I’m sure they make every effort to “debunk” both false and true information that would put in a positive light something President Donald Trump did or said. They had three years to debunk the false accusations about Russian Collusion. Instead of debunking the lies, they added to them. They certainly weren’t concerned about the truth at that time.

Did the Times try to bring out the truth about the Hunter Biden laptop?

The Times was certainly not concerned about the truth when a neighboring newspaper, the New York Post, was censored by Twitter, which would not allow the Post to disseminate its Hunter Biden laptop story on Twitter.

The Times and most other members of the media have destroyed their credibility. The same is true for Big Tech. Most Republicans would never believe anything they said. Democrats currently want to believe these folks, because they are saying what the Democrats want to hear. But I doubt if Democrats really have faith in these clowns. A liar is a liar.

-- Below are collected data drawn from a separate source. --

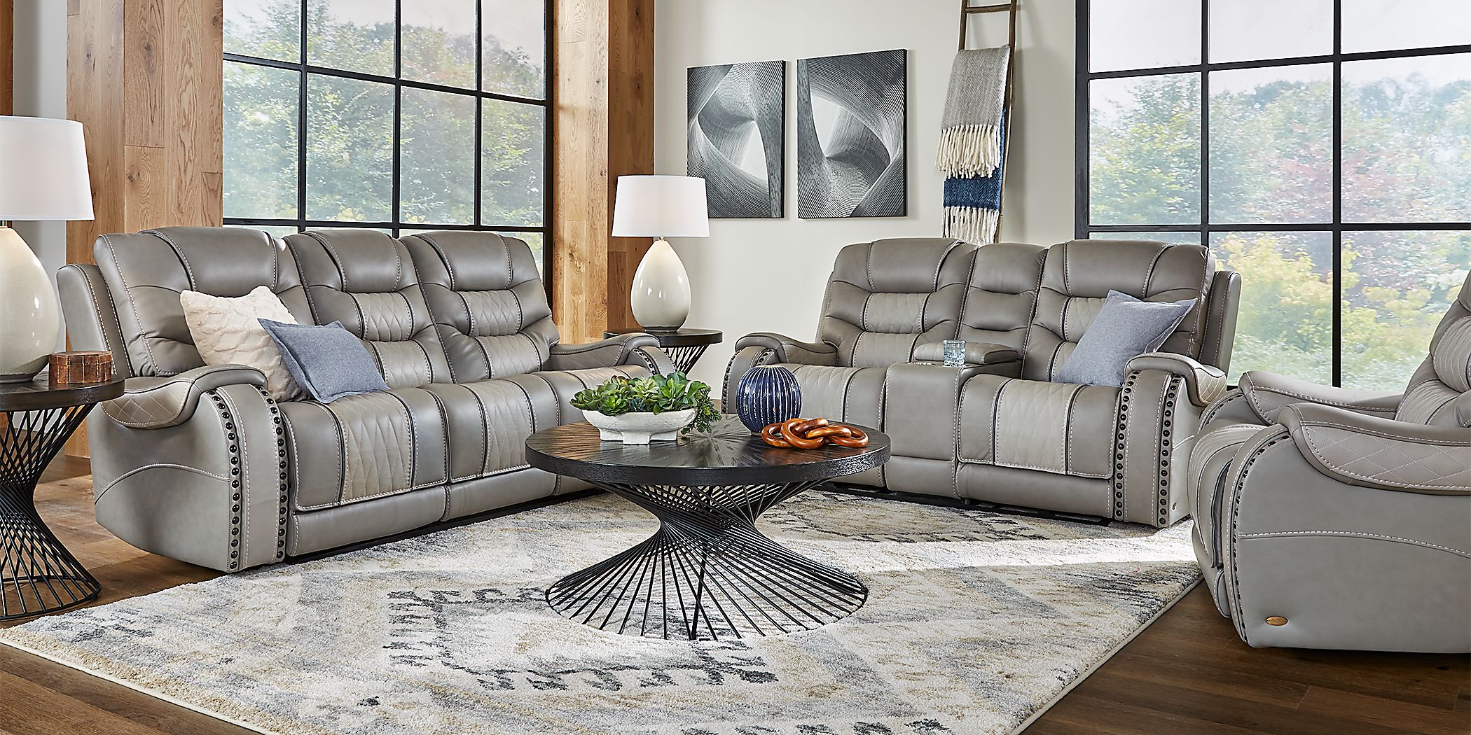Product Name: Gray leather living room sets sales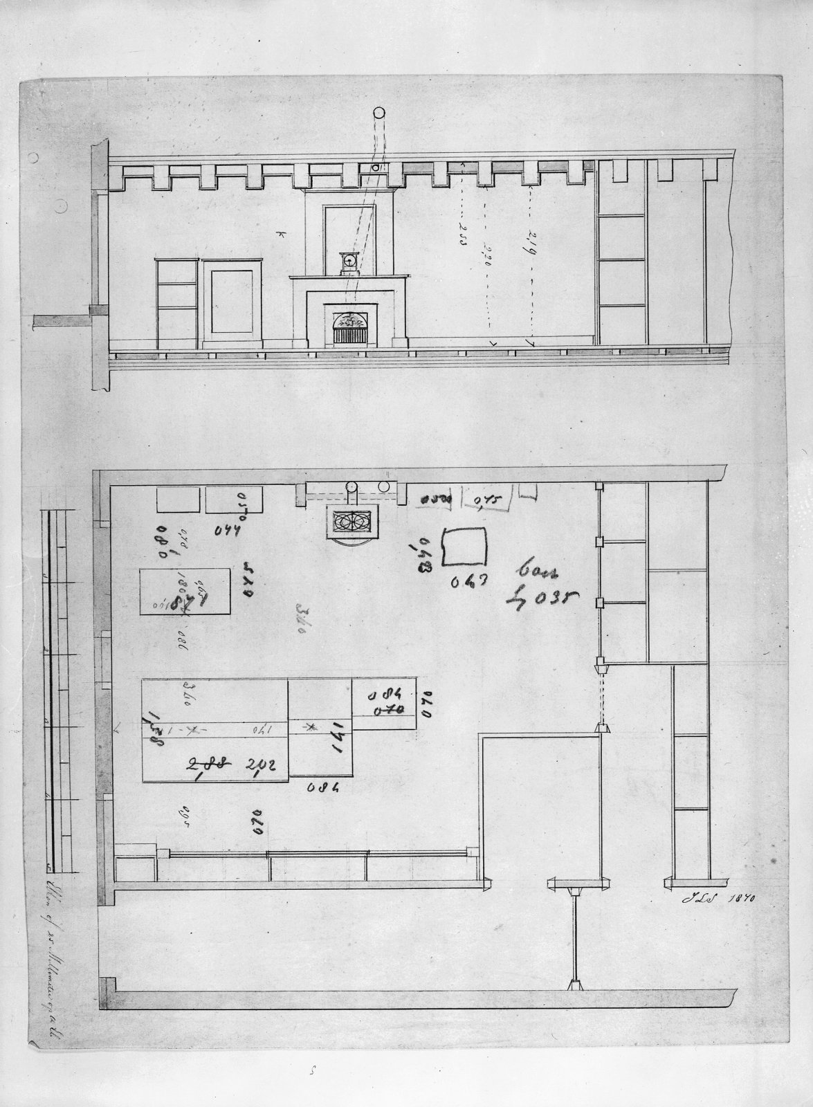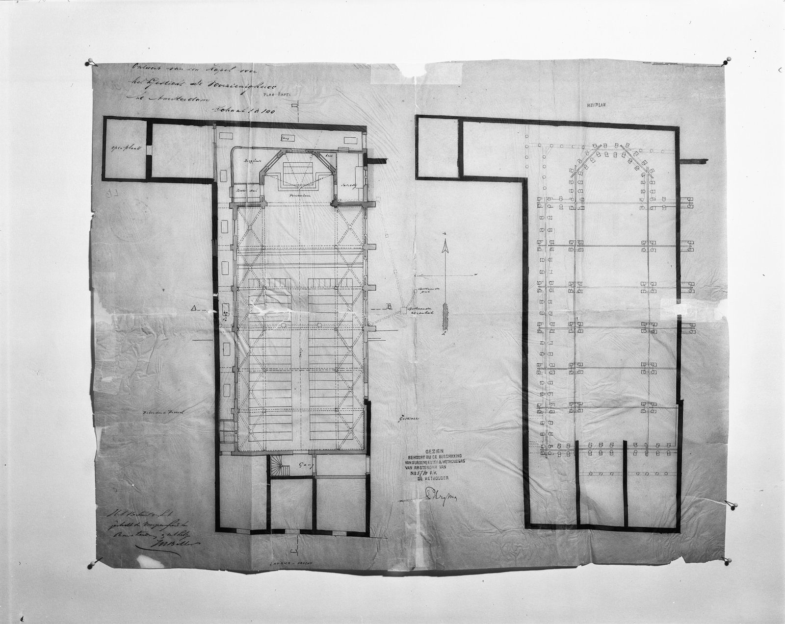 ontwerp tekening doorsnede naar kapel gezien. oudste...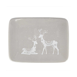 Тарелка сервировочная новогодняя 23 см, "Еловые ветки", каменная керамика, ЗОЛОТАЯ СКАЗКА, 592548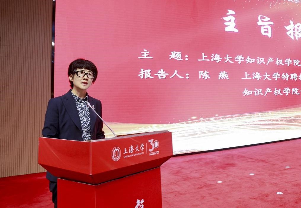 中国知识产权报社原党委书记、副社长,上海大学特聘教授陈燕作题为《上海大学知识产权学院30年回顾与展望》的主旨报告,通过回顾学院30年的发展历史与未来发展前瞻展望,为知识产权学院的持续发展凝聚智慧与力量。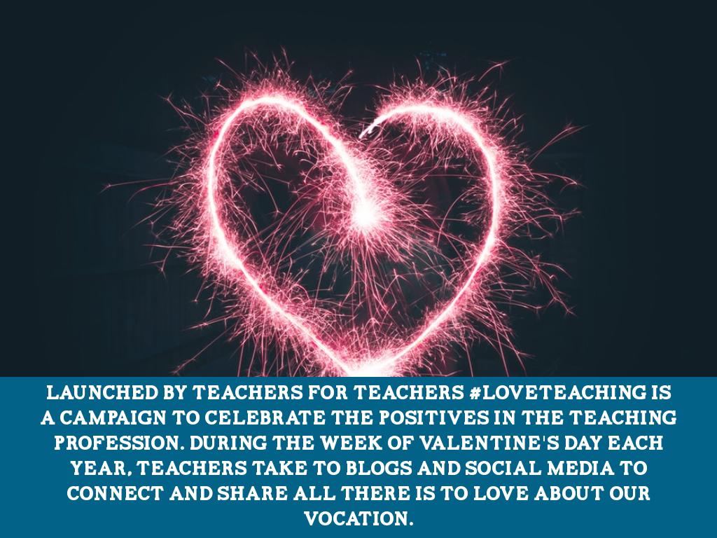 Launched by teachers for teachers #LoveTeaching is a campaign to celebrate the positives in the teaching profession. During the week of Valentine's Day each year, teachers take to blogs and social media to connect and share all there is to love about our vocation.

In 1951, President Harry Truman sent hundreds of thousands of American soldiers to Korea to stop the invasion of South Korea by North Korean and Chinese troops. In those days almost all Americans knew Communism was bad. Our media told us so. Our government leaders told us so. Our church and educational leaders told us so. We could see it with out own eyes.

Russia in 1956 was ruthless in putting down dissidents in Hungary. Hungarian refugees were settled in our neighborhood in Jefferson City. Everyone in Jefferson City in the 1950s knew the Russians and Chinese were the bad guys. We had a ringside seat on the evils of Communism.

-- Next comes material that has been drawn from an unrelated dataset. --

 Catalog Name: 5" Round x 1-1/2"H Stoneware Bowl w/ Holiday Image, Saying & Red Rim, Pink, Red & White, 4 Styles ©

Today our media is silent when Black Lives Matter and Antifa — groups that are admittedly Marxist and Communist — work for Joe Biden and the Democrats. And they expect us to respect their views? And they expect us to believe their claims that there was no misconduct in the November election? Do they also expect us to believe there was no Korean War?

Do they expect us to believe the Russians didn’t move into Budapest in 1956 and the Chinese Communists are not at the present time putting their boots on the necks of residents of Hong Kong, with the blessings of the NBA of course?

The most famous dissident in history is the late Aleksandr Solzhenitsyn of Russia. In 1973 Solzhenitsyn published the Gulag Archipelago, a three-volume, 1,800-page story of life under Communism in Russia between 1918 and 1956.

Time magazine called this the most important non-fiction book of the 20th Century. The elitists running much of the country today have forgotten the lessons of Gulag and are proposing for us the same system that Russia and China follow.

Solzhenitsyn was born 102 years ago this week — Dec. 11, 1918. On the 100th anniversary of his birth, The New York Times ran a story about him under the headline “The Writer Who Destroyed an Empire.” The story opens by stating: “When the Soviet Union collapsed in 1991, pundits offered a variety of reasons: economic, political, military. Few thought to add a fourth, more elusive cause: the regime’s total loss of credibility.”

Doesn’t it boggle the mind when our nation’s most influential newspaper can focus on the danger of a “total loss of credibility”? Where is the credibility in our media, in many of our corporate board rooms, in most of our major universities, in our big tech companies, in most of Hollywood and professional sports, and among all the leaders of the Democratic Party?